Apakah pengunggah joged porno di YouTube itu bisa dilacak orangnya? Sangat mudah karena mereka memakai nama yang benar. Kalau pun yang ditampilkan nama samaran atau nama “merek dagang” nama aslinya bisa diketahui dengan membuka data mereka di YouTube. Karena mereka ini ada kerjasama dengan YouTube untuk mendapatkan bagian dari iklan yang masuk. Berbeda dengan akun di Twitter atau FaceBook yang bisa menggunakan nama asal-asalan (disebut akun palsu) karena mereka memang tak ada kerjasama untuk mendapatkan penghasilan.

Coba saja lacak berapa juta orang yang menonton di seluruh dunia joged porno Bali ini. Pengunggah joged porno dengan berbagai aksi dan pentas di berbagai tempat ada puluhan banyaknya. Satu contoh saya ambil data dari pengunggah yang bernama Tjipto Widodo. Dia unggah tayangan joged dari pentas Sekehe Joged Bumbung Sulangjana ke YouTube pada 27 Maret 2017. Sampai tanggal 18 Februari kemarin, tayangan ini sudah ditonton 1.424.941 orang. Tjipto Widodo sendiri sudah punya subscribe (semacam pelanggan aktif) sebanyak 8,4 ribu. Bayangkan belum setahun sudah satu setengah juta yang nonton dan ini baru dari satu youtuber. Padahal joged porno di YouTube sudah bertahun-tahun yang lalu.

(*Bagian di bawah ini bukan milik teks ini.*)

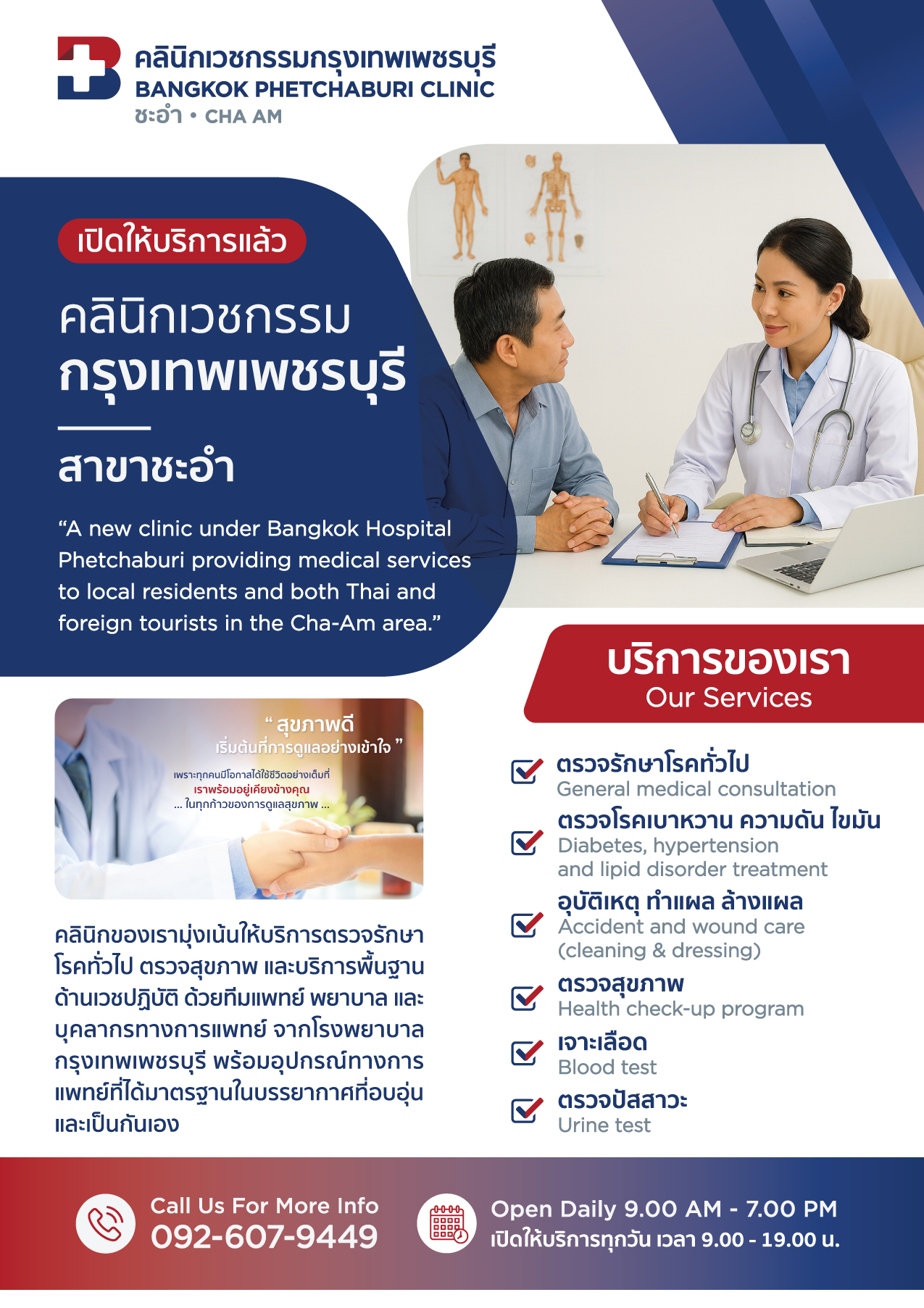 คลินิกเวชกรรมกรุงเทพเพชรบุรี สาขาชะอำ เปิดให้บริการแล้ว!

Kenapa para youtuber suka membuat sensasi dengan mengunggah hal-hal yang menjurus porno? Karena tayangan porno salah satu daya tarik untuk mendapatkan “pelanggan” yakni orang yang men-subscribe. Daya tarik lain adalah tayangan yang lucu. Lihat saja lelucon dalang Cenk Blonk diutak-atik terus oleh para youtuber, digabung dari lakon yang satu dengan lakon lainnya, diedit dengan tambahan macam-macam. Begitu pula lawakan bondres Clekontongmas, dipermainkan oleh para youtuber dengan berbagai variasi. Arja Bali, misalnya, sudah tak ada yang benar di YouTube. Semuanya hanya menampilkan lelucon dari pemeran liku, kartala dan lainnya.

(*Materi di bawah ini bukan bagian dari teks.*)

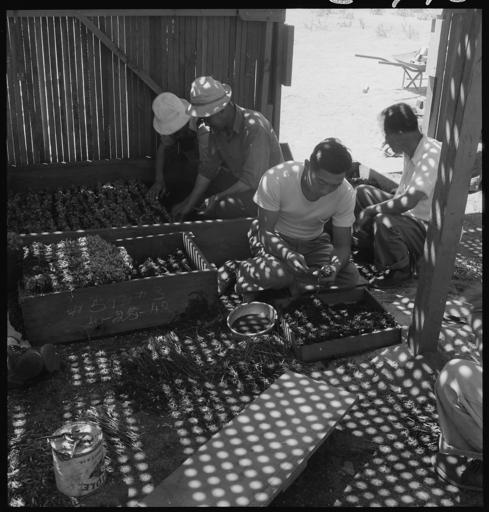 Keywords: Manzanar Relocation Center, Manzanar, California. A view of section of the lath house at this War . . . - NARA - 538034.jpg Scope and content The full caption for this photograph reads Manzanar Relocation Center Manzanar California A view of section of the lath house at this War Relocation Authority center where seedling guayule plants are propagated by experienced nurserymen evacuees in the guayule rubber experiment work General notes 538034 Local identifier 210-G-C740 Department of the Interior War Relocation Authority 02/16/1944 - 06/30/1946 NARA-Author Lange Dorothea 1895-1965 Photographer 1372774 <br /> Still Picture Records Section Special Media Archives Services Division NWCS-S National Archives at College Park 8601 Adelphi Road College Park MD 20740-6001 1942-06-28 Record group Record Group 210 Records of the War Relocation Authority 1941 - 1989 Record group ARC 537 Central Photographic File of the War Relocation Authority compiled 1942 - 1945 Series ARC 536000 File unit File unit ARC Variant control numbers NAIL Control Number NWDNS-210-G-C740 Other versions <gallery> File Manzanar_Relocation_Center _Manzanar _California _A_view_of_section_of_the_lath_house_at_this_War_ _ _ _-_NARA_-_538034 tif tif File Manzanar_Relocation_Center _Manzanar _California _A_view_of_section_of_the_lath_house_at_this_War_ _ _ _-_NARA_-_538034 jpg jpg </gallery> NARA-cooperation PD-USGov Photographs by Dorothea Lange of Manzanar War Relocation Center |

Para youtuber itu membutuhkan sensasi karena ada keharusan dari YouTube bahwa mereka yang terikat kontrak mendapat bayaran dari iklan adalah yang sudah punya minimum seribu subscribe. Saat ini orang suka yang ringan-ringan, lucu, aneh, unik dan porno. Zaman global mengalami perubahan dasyat, orang tak suka mikir yang berat-berat.

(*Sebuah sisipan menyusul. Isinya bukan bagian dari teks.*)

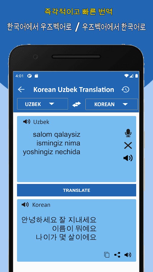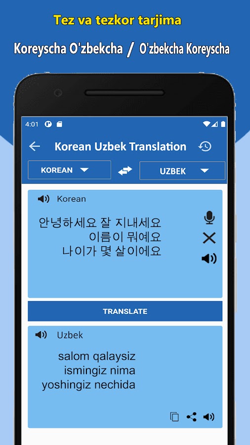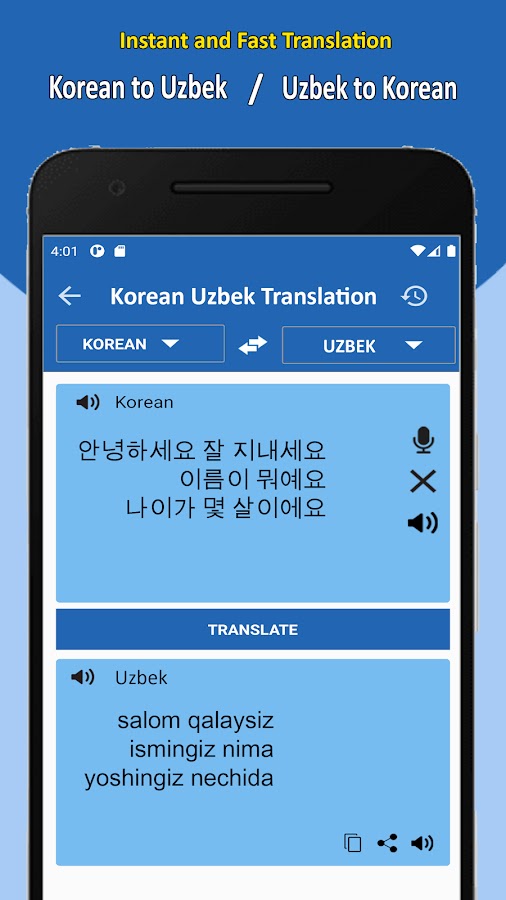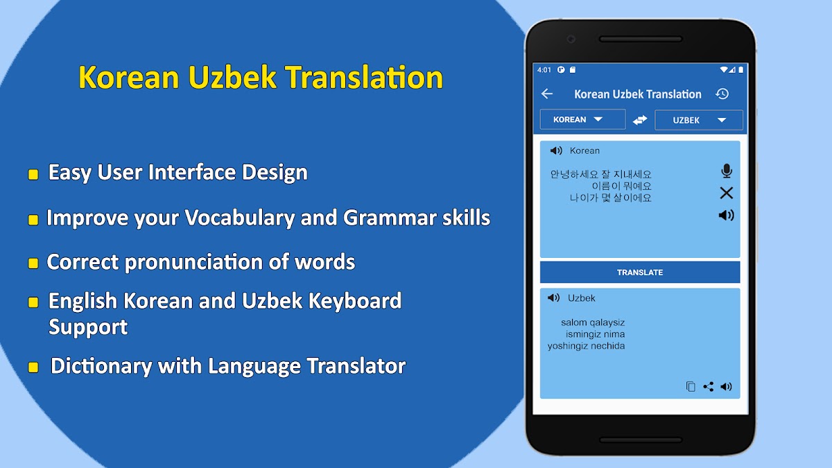 Корейско-узбекский словарь — лучшее приложение для Android для быстрого и лёгкого перевода, которое можно использовать как обычный словарь. Он переводит слова и предложения и станет отличным помощником в изучении языка.

Nah, para youtuber ini yang harus dikumpulkan dan diberikan pencerahan supaya tidak mencari uang dari kehancuran seni tari Bali. Mereka harus ikut memelihara seni tari Bali dan buatlah tayangan yang lebih berbudaya. Kalau mereka bandel, ya, proses secara hukum dengan memakai UU Pornografi, UU IT mungkin juga UU Hak Cipta. Saya yakin mereka itu tak minta izin kepada penari yang ditayangkan itu.